= Beginning of Section =

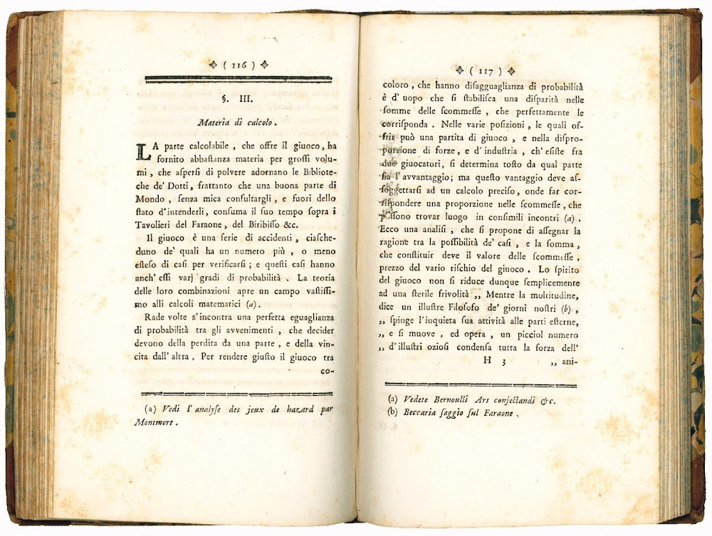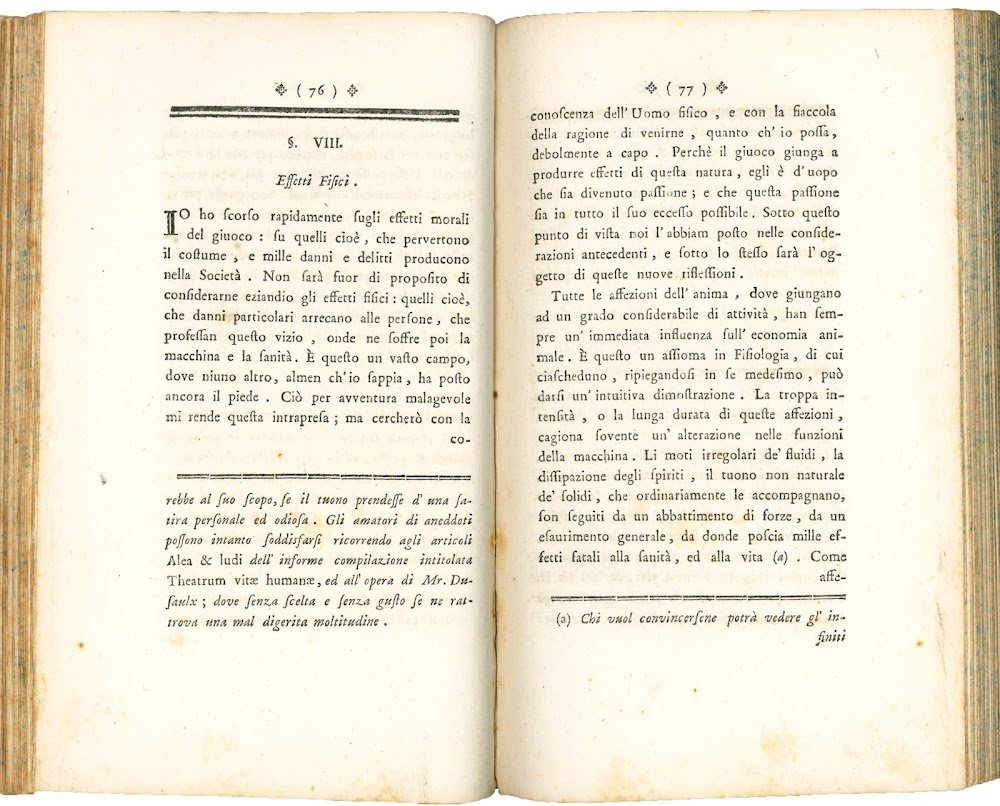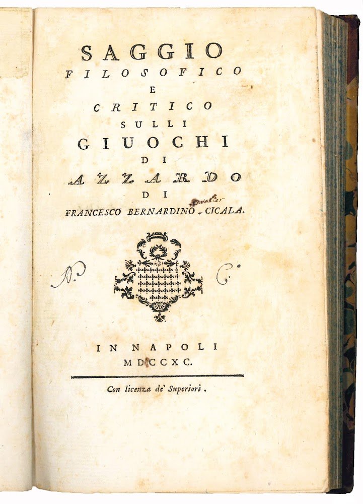 “Nel 1790, a venticinque anni, il salentino Francesco Bernardino Cicala dette alle stampe a Napoli un'opera riecheggiante nel titolo un lavoro di P.R. Montmort [Essai d'analyses sure les jeux de hazard, Paris, 1708], cioè il Saggio filosofico e critico sulli giuochi di azzardo, come emblematico segno di un rilevato illuministico interesse per i problemi del vivere civile nella capitale del Regno meridionale: non solo esame di operazioni algebrico-matematiche, ma una serie di approfondimenti e definizioni del gioco d'azzardo, per interpretarlo e valutarlo nell'ambito dell'agire umano e nel divenire storico […] L'autore non nascondeva l'autobiografica compromissione, per aver conosciuto e frequentato i tavoli da gioco, rimanendo coinvolto nella passione per il gioco d'azzardo. L'esperienza personale si decantava però nella riflessione e diveniva patrimonio da rendere pubblico, come oggetto di esame e di attenta analisi. L'indagine su di sé si allargava ai gruppi, ai ceti, alla nazione. Perciò il gioco d'azzardo era indagato non solo come fatto individuale, ma come dimensione collettiva, nel suo progressivo estendersi dai singoli individui ai diversi ceti sociali. La diffusione del gioco d'azzardo era ormai un problema ‘politico', oggetto di disamina e di dibattito per un letterato civilmente impegnato. Il Saggio, dunque, opera nella consapevolezza che la problematica del gioco d'azzardo possa essere ascrivibile ad una specifica trattatistica – di articolata strutturazione letteraria – nell'ambito del canone illuministico-razionalistico, non riferito quindi soltanto a forme di narrativa o di esercizio lirico, ma allargato anche a forme letterarie variegate, comunque ascrivibili nella dimensione delle ‘pubblica armonia'. In forza di ciò, la struttura del Saggio si compone di due Sezioni; nella prima i capitoli I – Sensibilità umana, II – La passione del gioco, III – Effetti morali, IV – Conseguenze, V – Abiti viziosi, VI – Apostrofe al bel sesso, VII – Il tempo, suo uso ed abuso, VIII – Effetti fisici. Nella seconda sezione seguono altri otto capitoli, in successione, Origine, Oggetto di dispute, Materia di calcolo, Mire politiche, Teoria di giustizia, Legislazioni, Diritto di proscrizione, Linguet all'esame […] [Oltre a quelle classiche e teologiche,] le citazioni dagli autori d'Oltralpe risultano particolarmente numerose: J. De la Bruyère, F. de la Rochefoucauld, i giusnaturalisti H. Grotius, Cl.-A. Helvetius, S. Pufendorf, sino a Ch.-L. Montesquieu, D. Diderot, F.-M. Voltaire e J.J. Rousseau, P.L. Maupertuis e É. Condillac e gli inglesi J. Locke e W. Balckstone. Significativi sono i riferimenti agli illuministi napoletani, A. Genovesi e G. Filangieri e al milanese Cesare Beccaria, ricordato per il suo Saggio sul Faraone, articolo di riflessione sul gioco d'azzardo detto ‘Faraone', pubblicato nel Caffè; similmente significative, due citazioni rinviano a Luigi Galvani e Alessandro Volta per la tematica dell'elettricità […] Nella descrizione degli effetti fisici, il Cicala utilizza con sicurezza le conoscenze organico-fisiologiche di tessuti, strutture e sistemi dell'organismo umano, per raggiungere una notevole efficacia di rappresentazione […] Le riflessioni e gli approfon
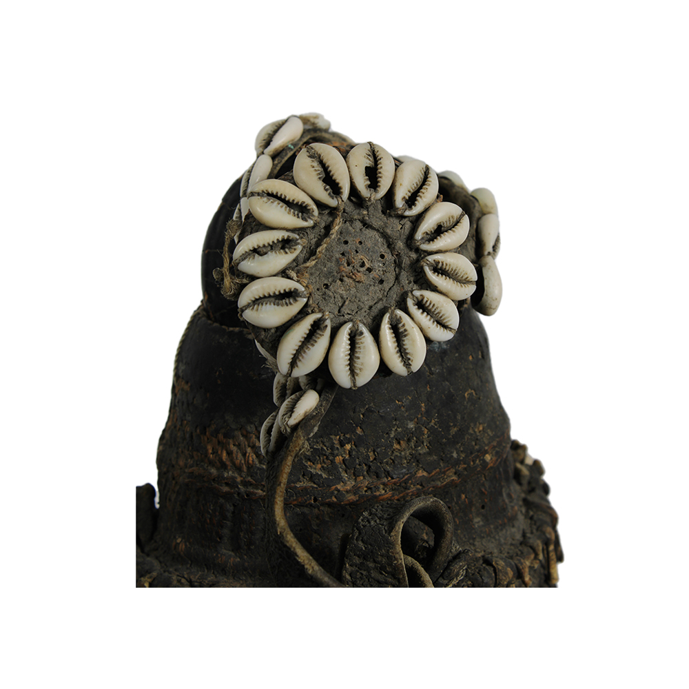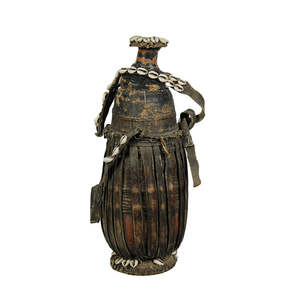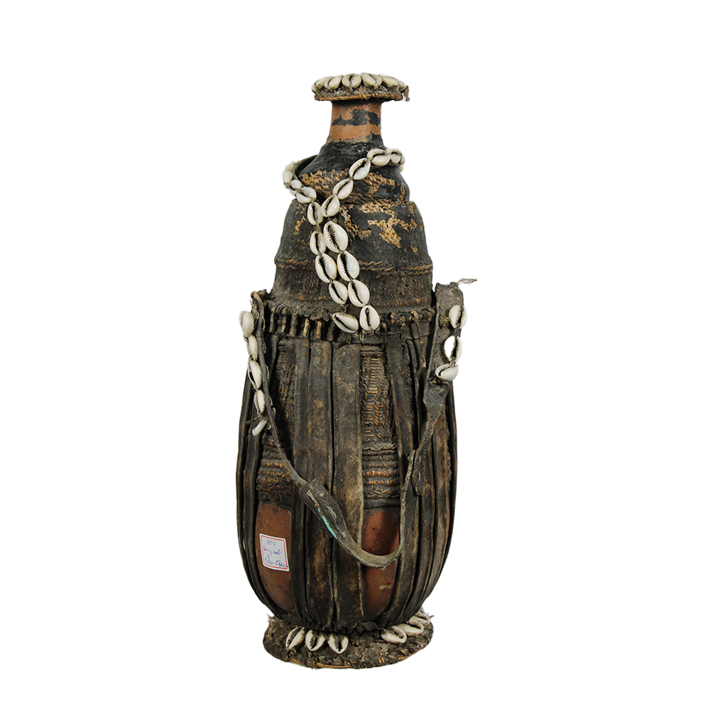 CONTENITORE PER IL LATTE in legno cuoio fibre vegetali cauri zucca e pelli di animali. Etnia Oromo Etiopia h cm 42 x 15
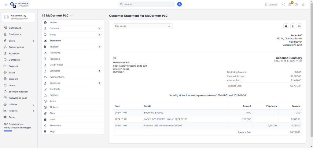 轻松管理您的客户及其联系人,为您的客户创建多个联系人并设置适当的权限。客户区域与管理区域完全分开。客户拥有自己的客户门户,您的公司所有财务数据都清晰展示。
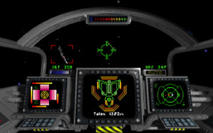 When flying, the main view is a first-person look from inside the cockpit at the cockpit screens (HUDs) and the space before the ship. Space combat simulation is similar to the style of other Wing Commander games of its time. On planets and bases, a static overview/first-person-view is used to show the rooms and interact with people. Menus are used for buying, selling, or taking missions from the mission computer.
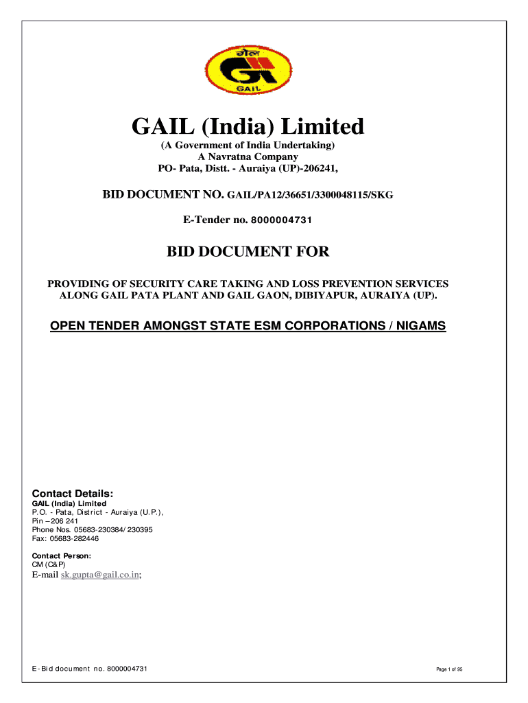 GAIL (India) Limited (A Government of India Undertaking) A Narrator Company PO Data, Dist. Auriga (UP)206241, BID DOCUMENT NO. GAIL/PA12/36651/3300048115/KG Tender no. 8000004731 BID DOCUMENT FOR
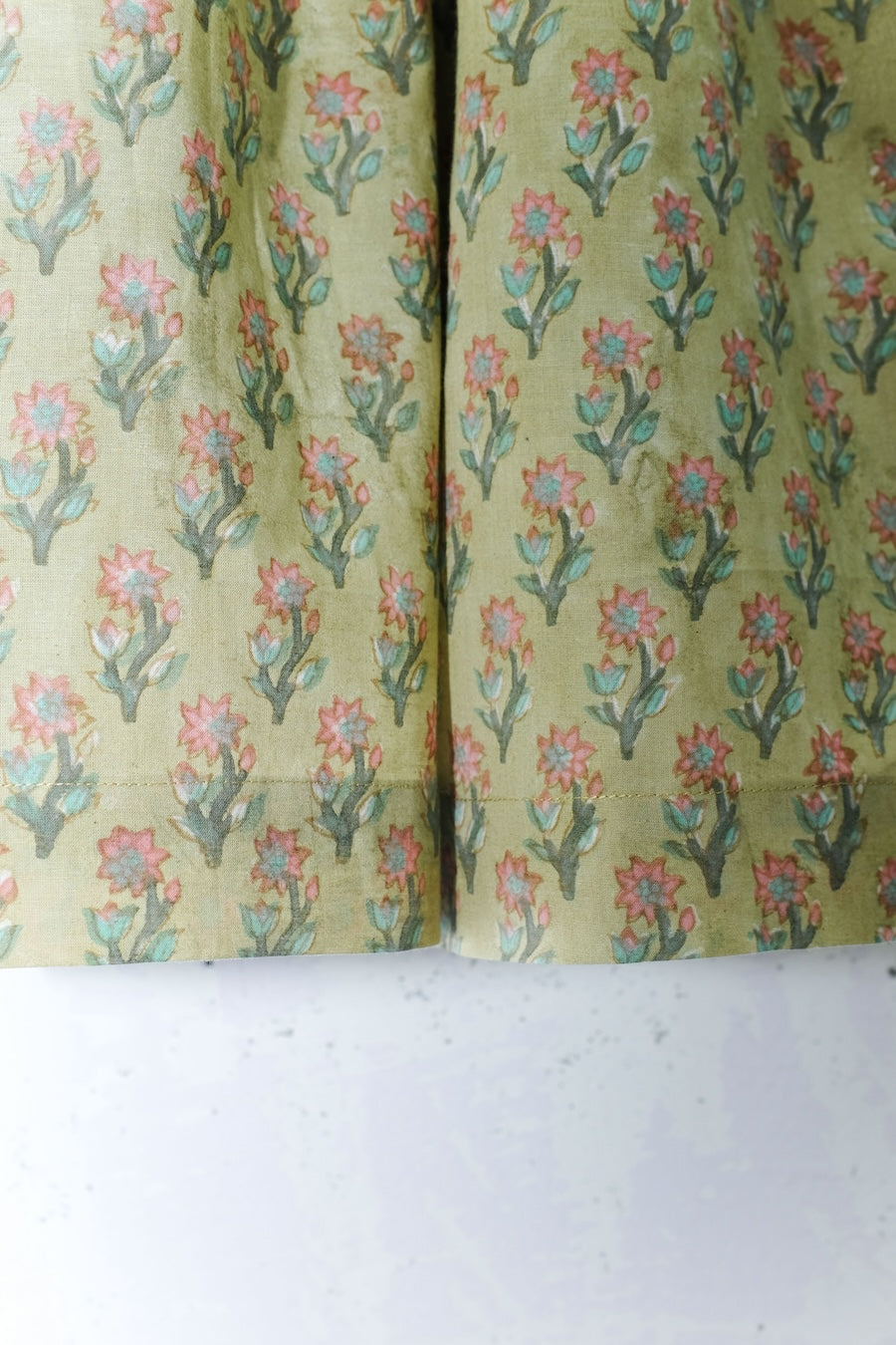 Please avoid using any harsh detergents/chemicals while washing. A gentle hand wash in cold water is preferred. Iron only on the reverse side of the garment.

= End of Section =

Please return all of the entries word for word, excluding the pictures.

◆ Solution below
 “Nel 1790, a venticinque anni, il salentino Francesco Bernardino Cicala dette alle stampe a Napoli un'opera riecheggiante nel titolo un lavoro di P.R. Montmort [Essai d'analyses sure les jeux de hazard, Paris, 1708], cioè il Saggio filosofico e critico sulli giuochi di azzardo, come emblematico segno di un rilevato illuministico interesse per i problemi del vivere civile nella capitale del Regno meridionale: non solo esame di operazioni algebrico-matematiche, ma una serie di approfondimenti e definizioni del gioco d'azzardo, per interpretarlo e valutarlo nell'ambito dell'agire umano e nel divenire storico […] L'autore non nascondeva l'autobiografica compromissione, per aver conosciuto e frequentato i tavoli da gioco, rimanendo coinvolto nella passione per il gioco d'azzardo. L'esperienza personale si decantava però nella riflessione e diveniva patrimonio da rendere pubblico, come oggetto di esame e di attenta analisi. L'indagine su di sé si allargava ai gruppi, ai ceti, alla nazione. Perciò il gioco d'azzardo era indagato non solo come fatto individuale, ma come dimensione collettiva, nel suo progressivo estendersi dai singoli individui ai diversi ceti sociali. La diffusione del gioco d'azzardo era ormai un problema ‘politico', oggetto di disamina e di dibattito per un letterato civilmente impegnato. Il Saggio, dunque, opera nella consapevolezza che la problematica del gioco d'azzardo possa essere ascrivibile ad una specifica trattatistica – di articolata strutturazione letteraria – nell'ambito del canone illuministico-razionalistico, non riferito quindi soltanto a forme di narrativa o di esercizio lirico, ma allargato anche a forme letterarie variegate, comunque ascrivibili nella dimensione delle ‘pubblica armonia'. In forza di ciò, la struttura del Saggio si compone di due Sezioni; nella prima i capitoli I – Sensibilità umana, II – La passione del gioco, III – Effetti morali, IV – Conseguenze, V – Abiti viziosi, VI – Apostrofe al bel sesso, VII – Il tempo, suo uso ed abuso, VIII – Effetti fisici. Nella seconda sezione seguono altri otto capitoli, in successione, Origine, Oggetto di dispute, Materia di calcolo, Mire politiche, Teoria di giustizia, Legislazioni, Diritto di proscrizione, Linguet all'esame […] [Oltre a quelle classiche e teologiche,] le citazioni dagli autori d'Oltralpe risultano particolarmente numerose: J. De la Bruyère, F. de la Rochefoucauld, i giusnaturalisti H. Grotius, Cl.-A. Helvetius, S. Pufendorf, sino a Ch.-L. Montesquieu, D. Diderot, F.-M. Voltaire e J.J. Rousseau, P.L. Maupertuis e É. Condillac e gli inglesi J. Locke e W. Balckstone. Significativi sono i riferimenti agli illuministi napoletani, A. Genovesi e G. Filangieri e al milanese Cesare Beccaria, ricordato per il suo Saggio sul Faraone, articolo di riflessione sul gioco d'azzardo detto ‘Faraone', pubblicato nel Caffè; similmente significative, due citazioni rinviano a Luigi Galvani e Alessandro Volta per la tematica dell'elettricità […] Nella descrizione degli effetti fisici, il Cicala utilizza con sicurezza le conoscenze organico-fisiologiche di tessuti, strutture e sistemi dell'organismo umano, per raggiungere una notevole efficacia di rappresentazione […] Le riflessioni e gli approfon
 CONTENITORE PER IL LATTE in legno cuoio fibre vegetali cauri zucca e pelli di animali. Etnia Oromo Etiopia h cm 42 x 15
 轻松管理您的客户及其联系人,为您的客户创建多个联系人并设置适当的权限。客户区域与管理区域完全分开。客户拥有自己的客户门户,您的公司所有财务数据都清晰展示。
 When flying, the main view is a first-person look from inside the cockpit at the cockpit screens (HUDs) and the space before the ship. Space combat simulation is similar to the style of other Wing Commander games of its time. On planets and bases, a static overview/first-person-view is used to show the rooms and interact with people. Menus are used for buying, selling, or taking missions from the mission computer.
 GAIL (India) Limited (A Government of India Undertaking) A Narrator Company PO Data, Dist. Auriga (UP)206241, BID DOCUMENT NO. GAIL/PA12/36651/3300048115/KG Tender no. 8000004731 BID DOCUMENT FOR
 Please avoid using any harsh detergents/chemicals while washing. A gentle hand wash in cold water is preferred. Iron only on the reverse side of the garment.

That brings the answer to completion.